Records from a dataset
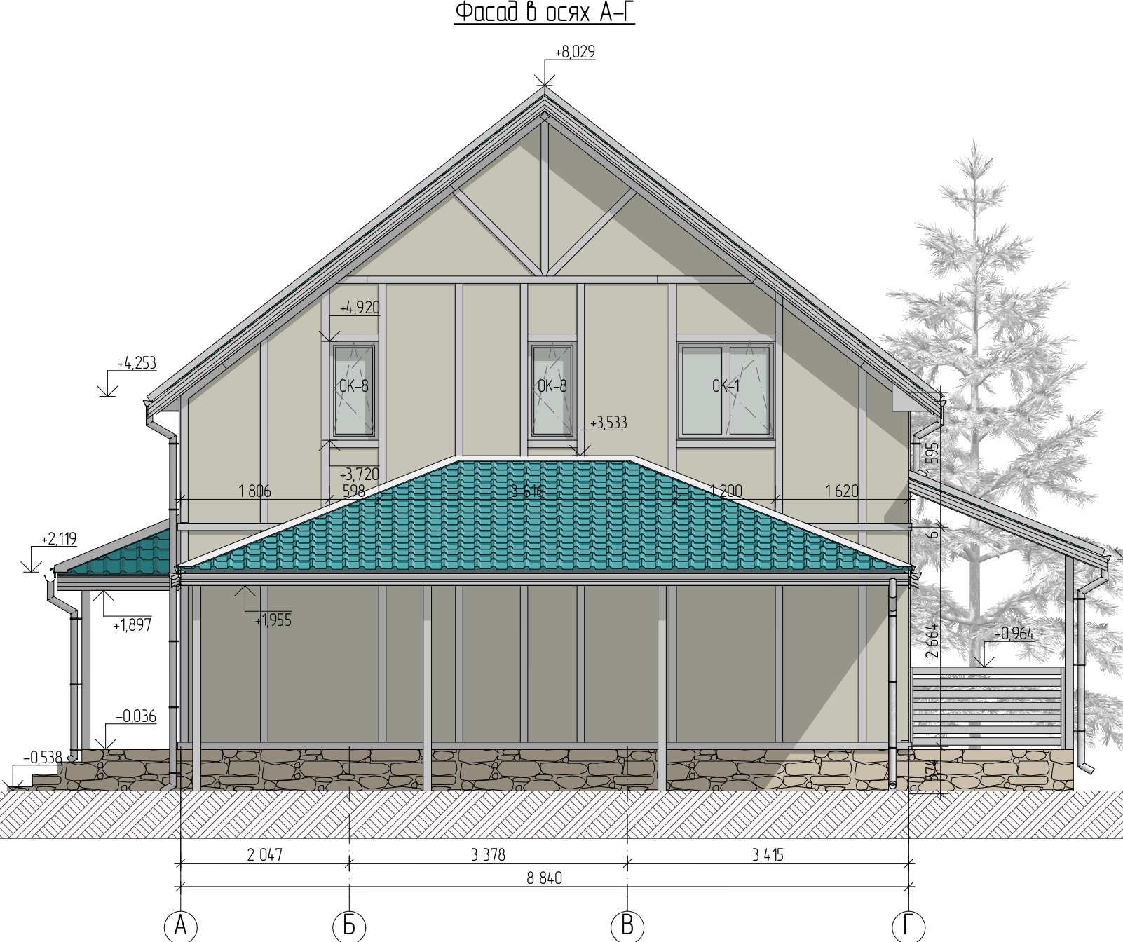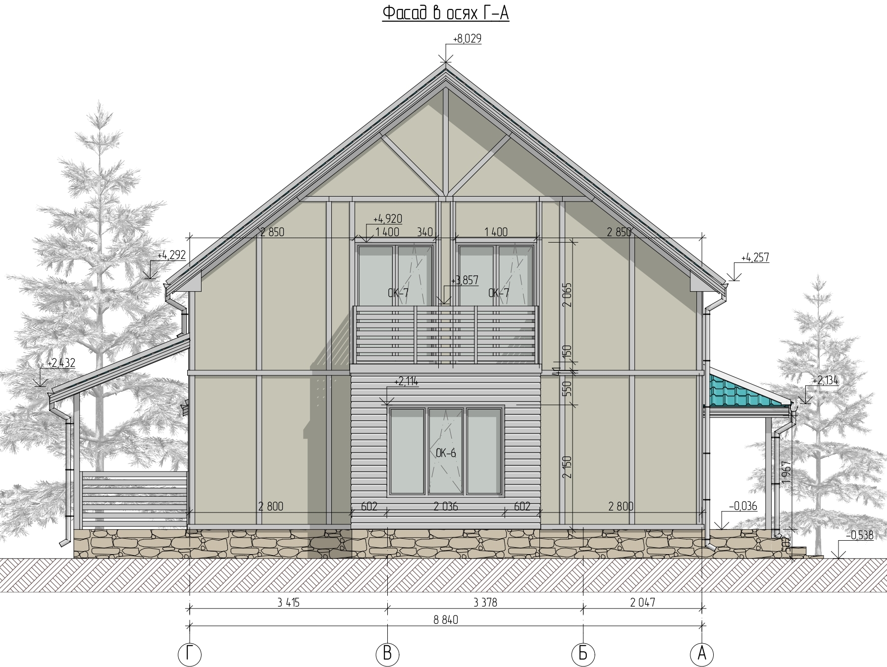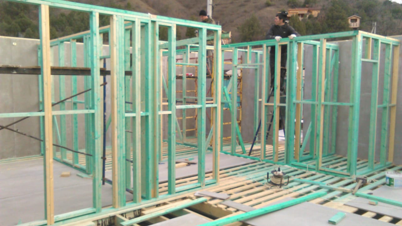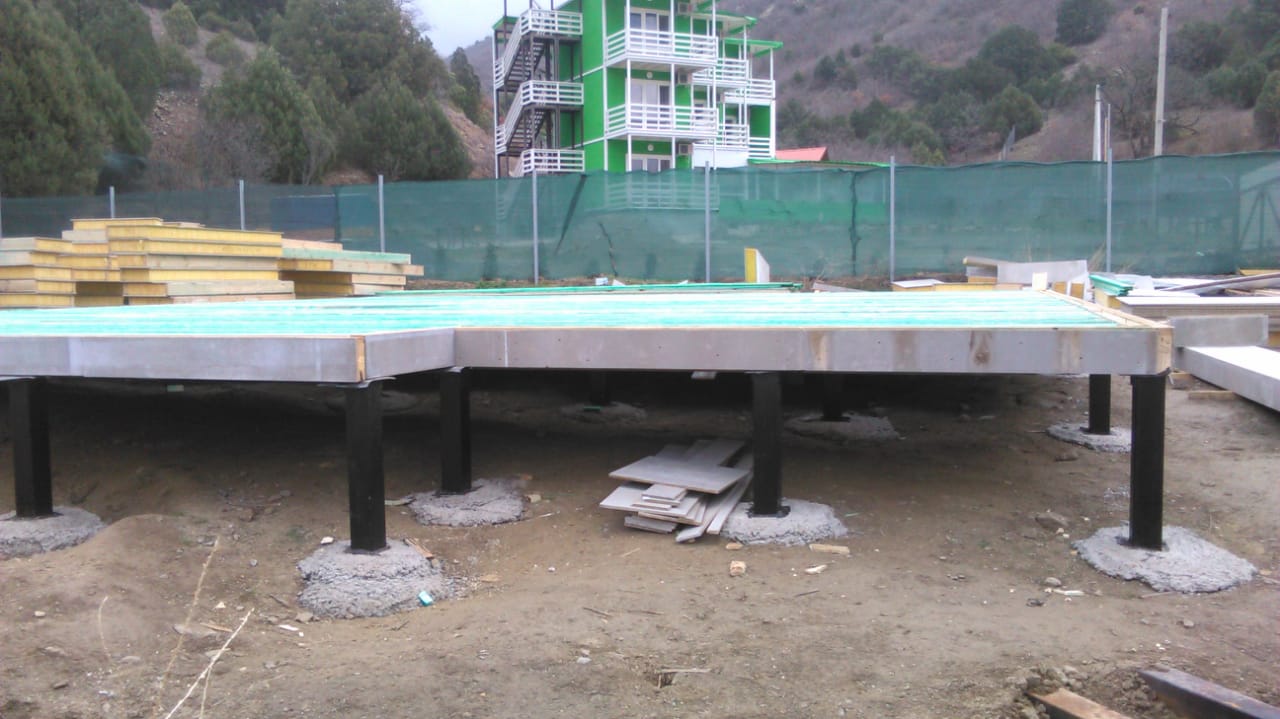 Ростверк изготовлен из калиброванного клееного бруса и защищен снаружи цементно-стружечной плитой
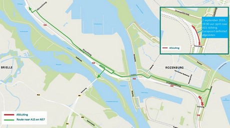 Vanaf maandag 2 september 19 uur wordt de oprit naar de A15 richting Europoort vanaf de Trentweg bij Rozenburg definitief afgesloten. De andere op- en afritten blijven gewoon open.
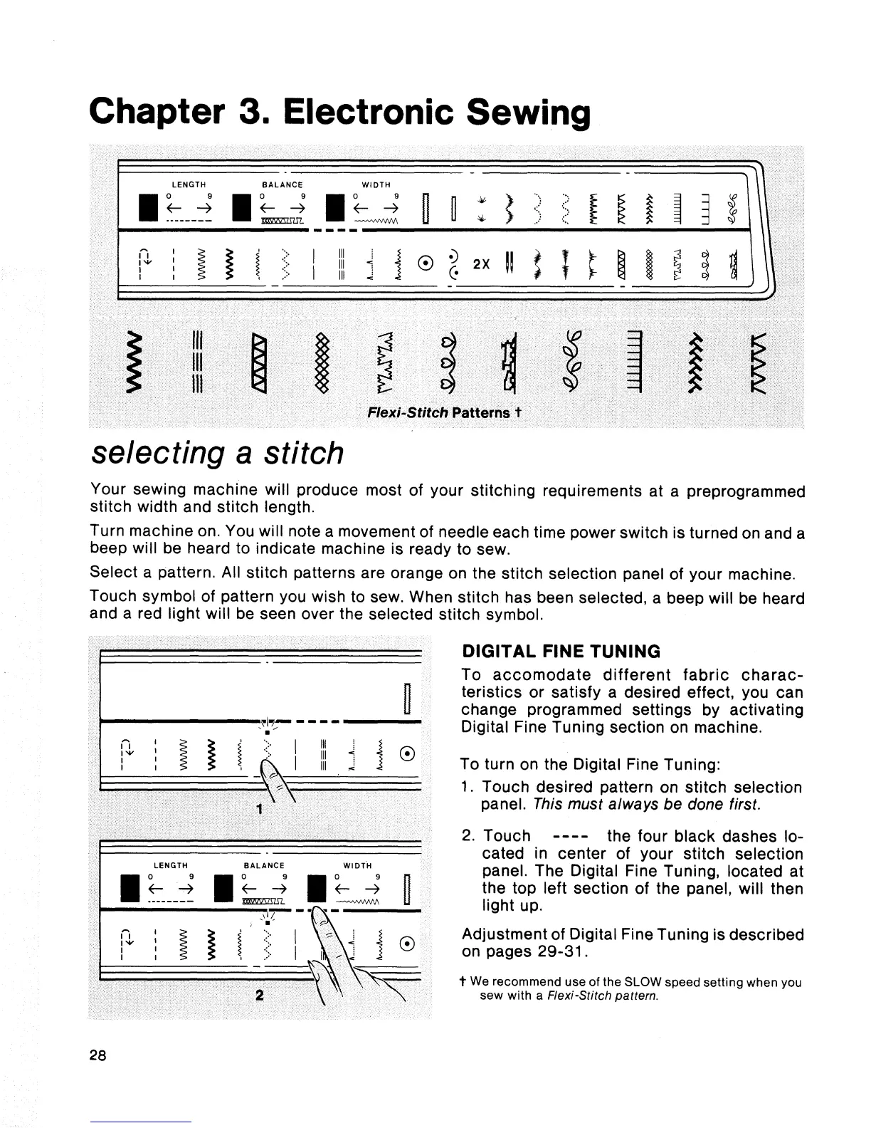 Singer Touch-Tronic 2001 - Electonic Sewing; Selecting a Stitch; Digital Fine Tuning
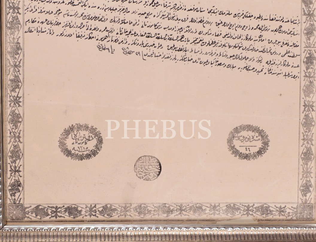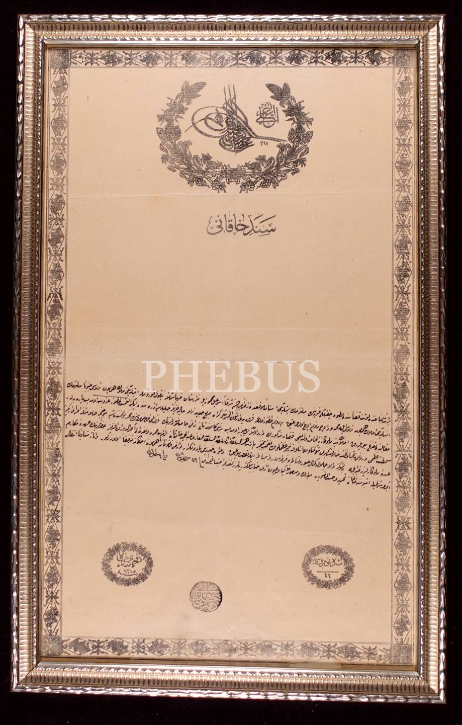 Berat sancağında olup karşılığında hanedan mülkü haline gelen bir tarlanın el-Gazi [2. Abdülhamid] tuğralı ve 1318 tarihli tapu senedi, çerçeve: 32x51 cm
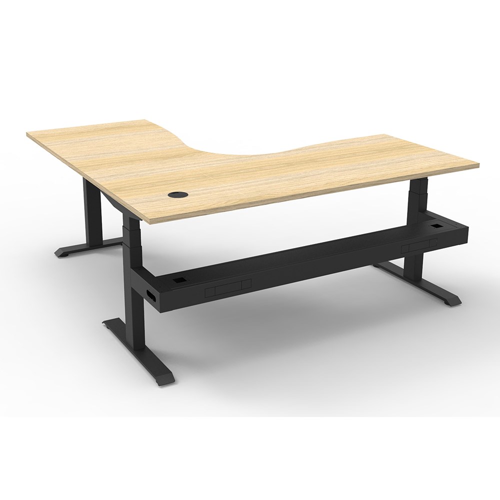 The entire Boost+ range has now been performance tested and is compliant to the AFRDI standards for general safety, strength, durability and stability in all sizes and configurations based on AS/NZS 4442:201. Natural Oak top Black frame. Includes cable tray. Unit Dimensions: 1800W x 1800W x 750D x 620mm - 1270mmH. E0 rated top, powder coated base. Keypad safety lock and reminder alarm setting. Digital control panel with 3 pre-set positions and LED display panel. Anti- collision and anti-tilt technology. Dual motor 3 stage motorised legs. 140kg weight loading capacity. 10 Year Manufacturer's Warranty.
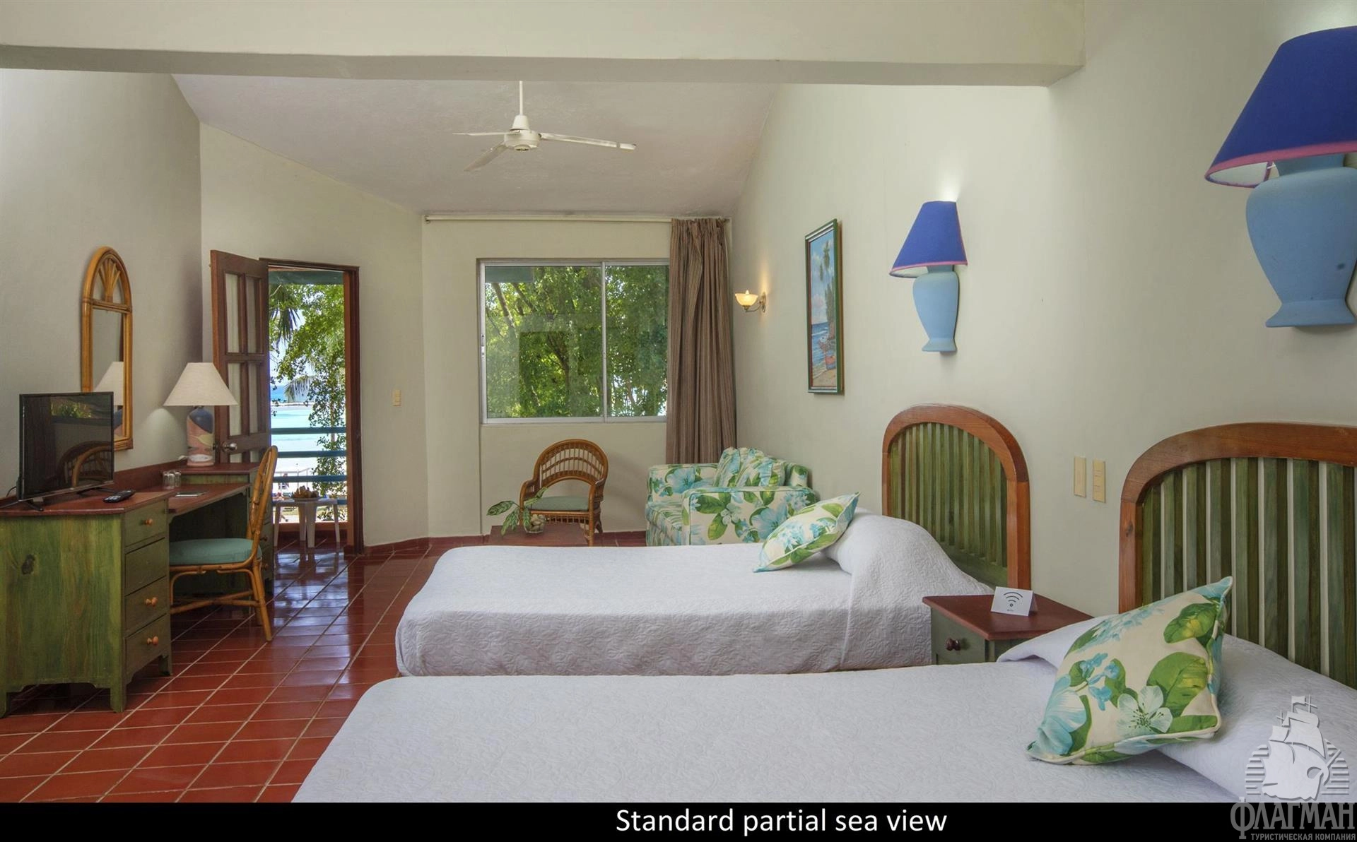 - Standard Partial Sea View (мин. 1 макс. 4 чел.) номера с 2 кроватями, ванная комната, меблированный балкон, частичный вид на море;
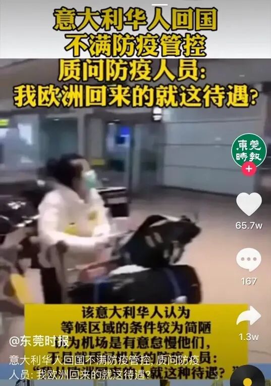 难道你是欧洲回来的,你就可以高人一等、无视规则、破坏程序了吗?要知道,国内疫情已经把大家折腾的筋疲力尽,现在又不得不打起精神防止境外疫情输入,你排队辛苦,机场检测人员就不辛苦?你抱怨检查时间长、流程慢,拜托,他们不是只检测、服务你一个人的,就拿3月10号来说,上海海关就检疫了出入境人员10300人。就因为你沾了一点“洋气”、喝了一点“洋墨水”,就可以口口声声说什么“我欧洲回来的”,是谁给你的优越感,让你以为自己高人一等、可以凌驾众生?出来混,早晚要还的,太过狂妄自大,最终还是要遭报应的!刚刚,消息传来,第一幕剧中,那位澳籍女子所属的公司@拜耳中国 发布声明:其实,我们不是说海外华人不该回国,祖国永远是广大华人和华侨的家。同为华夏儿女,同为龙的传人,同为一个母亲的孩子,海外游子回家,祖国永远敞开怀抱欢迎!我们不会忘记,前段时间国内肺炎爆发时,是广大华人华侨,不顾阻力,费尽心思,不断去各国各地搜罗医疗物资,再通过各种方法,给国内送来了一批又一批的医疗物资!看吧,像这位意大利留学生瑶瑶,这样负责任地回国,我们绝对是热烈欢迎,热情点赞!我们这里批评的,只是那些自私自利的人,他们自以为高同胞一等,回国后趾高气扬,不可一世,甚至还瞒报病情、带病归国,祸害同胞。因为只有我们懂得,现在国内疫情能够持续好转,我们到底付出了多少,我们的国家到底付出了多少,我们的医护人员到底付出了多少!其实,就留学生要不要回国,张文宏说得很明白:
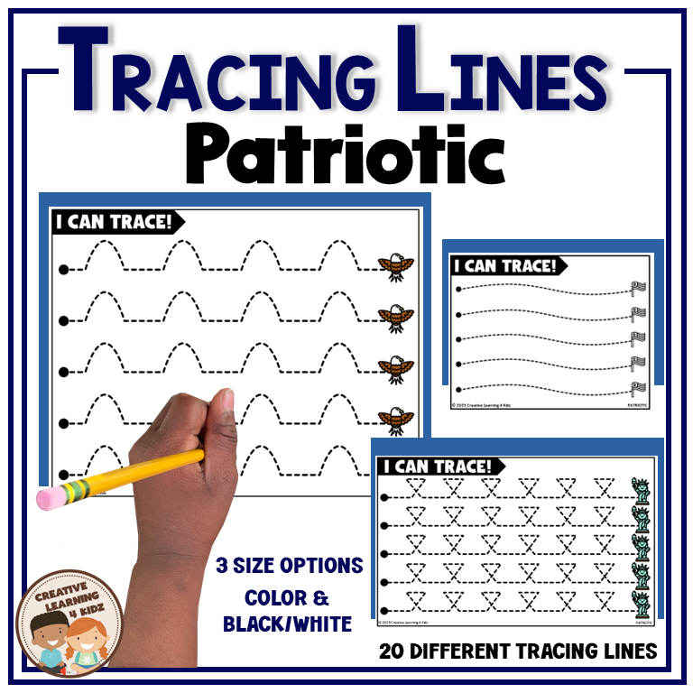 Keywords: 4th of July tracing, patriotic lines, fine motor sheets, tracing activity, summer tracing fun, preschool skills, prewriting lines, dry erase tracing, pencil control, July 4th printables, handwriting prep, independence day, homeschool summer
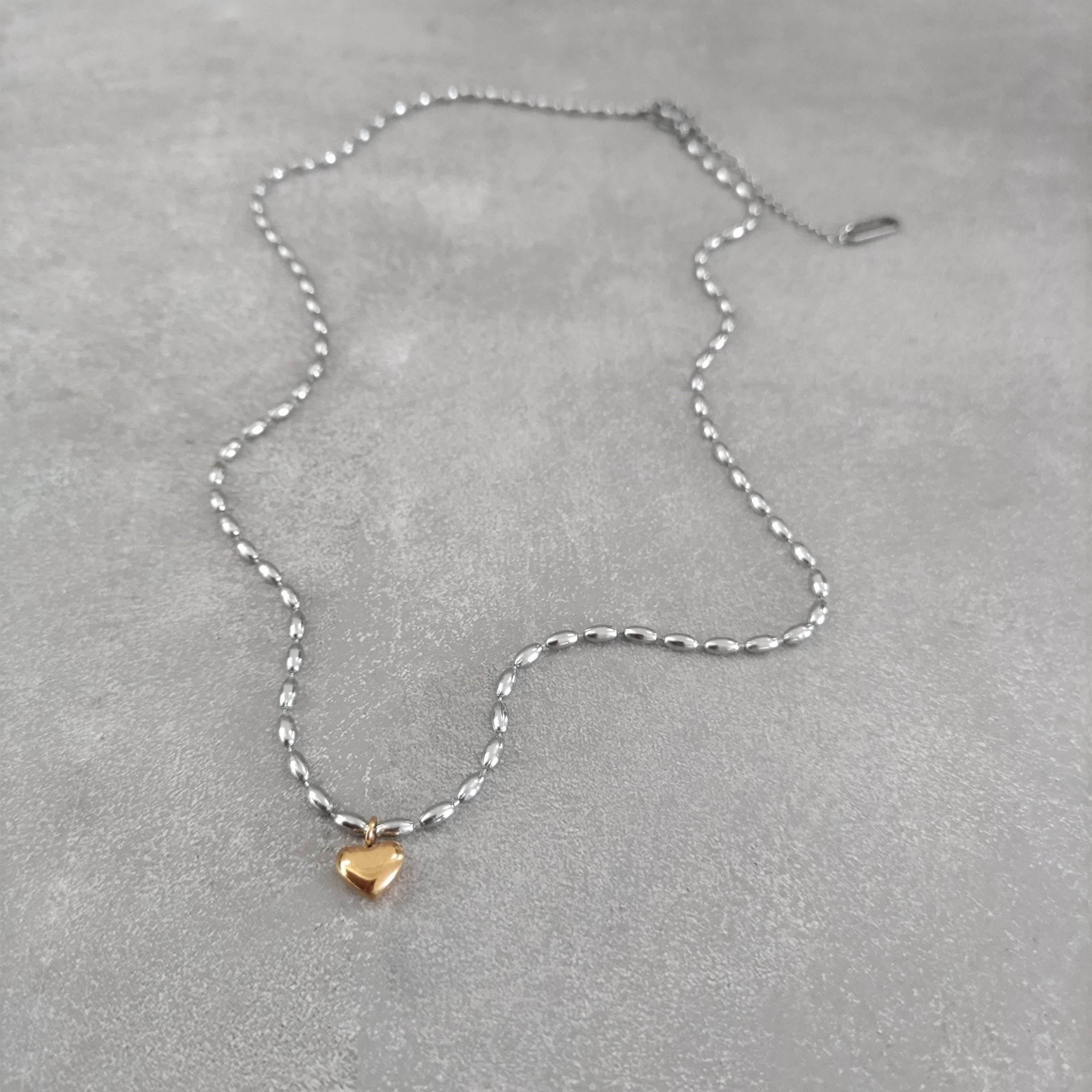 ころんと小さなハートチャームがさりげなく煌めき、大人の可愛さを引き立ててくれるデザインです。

What you will do: The records above, minus their pictures, are to be returned verbatim.

Answer space:
 Ростверк изготовлен из калиброванного клееного бруса и защищен снаружи цементно-стружечной плитой
 Vanaf maandag 2 september 19 uur wordt de oprit naar de A15 richting Europoort vanaf de Trentweg bij Rozenburg definitief afgesloten. De andere op- en afritten blijven gewoon open.
 Singer Touch-Tronic 2001 - Electonic Sewing; Selecting a Stitch; Digital Fine Tuning
 Berat sancağında olup karşılığında hanedan mülkü haline gelen bir tarlanın el-Gazi [2. Abdülhamid] tuğralı ve 1318 tarihli tapu senedi, çerçeve: 32x51 cm
 The entire Boost+ range has now been performance tested and is compliant to the AFRDI standards for general safety, strength, durability and stability in all sizes and configurations based on AS/NZS 4442:201. Natural Oak top Black frame. Includes cable tray. Unit Dimensions: 1800W x 1800W x 750D x 620mm - 1270mmH. E0 rated top, powder coated base. Keypad safety lock and reminder alarm setting. Digital control panel with 3 pre-set positions and LED display panel. Anti- collision and anti-tilt technology. Dual motor 3 stage motorised legs. 140kg weight loading capacity. 10 Year Manufacturer's Warranty.
 - Standard Partial Sea View (мин. 1 макс. 4 чел.) номера с 2 кроватями, ванная комната, меблированный балкон, частичный вид на море;
 难道你是欧洲回来的,你就可以高人一等、无视规则、破坏程序了吗?要知道,国内疫情已经把大家折腾的筋疲力尽,现在又不得不打起精神防止境外疫情输入,你排队辛苦,机场检测人员就不辛苦?你抱怨检查时间长、流程慢,拜托,他们不是只检测、服务你一个人的,就拿3月10号来说,上海海关就检疫了出入境人员10300人。就因为你沾了一点“洋气”、喝了一点“洋墨水”,就可以口口声声说什么“我欧洲回来的”,是谁给你的优越感,让你以为自己高人一等、可以凌驾众生?出来混,早晚要还的,太过狂妄自大,最终还是要遭报应的!刚刚,消息传来,第一幕剧中,那位澳籍女子所属的公司@拜耳中国 发布声明:其实,我们不是说海外华人不该回国,祖国永远是广大华人和华侨的家。同为华夏儿女,同为龙的传人,同为一个母亲的孩子,海外游子回家,祖国永远敞开怀抱欢迎!我们不会忘记,前段时间国内肺炎爆发时,是广大华人华侨,不顾阻力,费尽心思,不断去各国各地搜罗医疗物资,再通过各种方法,给国内送来了一批又一批的医疗物资!看吧,像这位意大利留学生瑶瑶,这样负责任地回国,我们绝对是热烈欢迎,热情点赞!我们这里批评的,只是那些自私自利的人,他们自以为高同胞一等,回国后趾高气扬,不可一世,甚至还瞒报病情、带病归国,祸害同胞。因为只有我们懂得,现在国内疫情能够持续好转,我们到底付出了多少,我们的国家到底付出了多少,我们的医护人员到底付出了多少!其实,就留学生要不要回国,张文宏说得很明白:
 Keywords: 4th of July tracing, patriotic lines, fine motor sheets, tracing activity, summer tracing fun, preschool skills, prewriting lines, dry erase tracing, pencil control, July 4th printables, handwriting prep, independence day, homeschool summer
 ころんと小さなハートチャームがさりげなく煌めき、大人の可愛さを引き立ててくれるデザインです。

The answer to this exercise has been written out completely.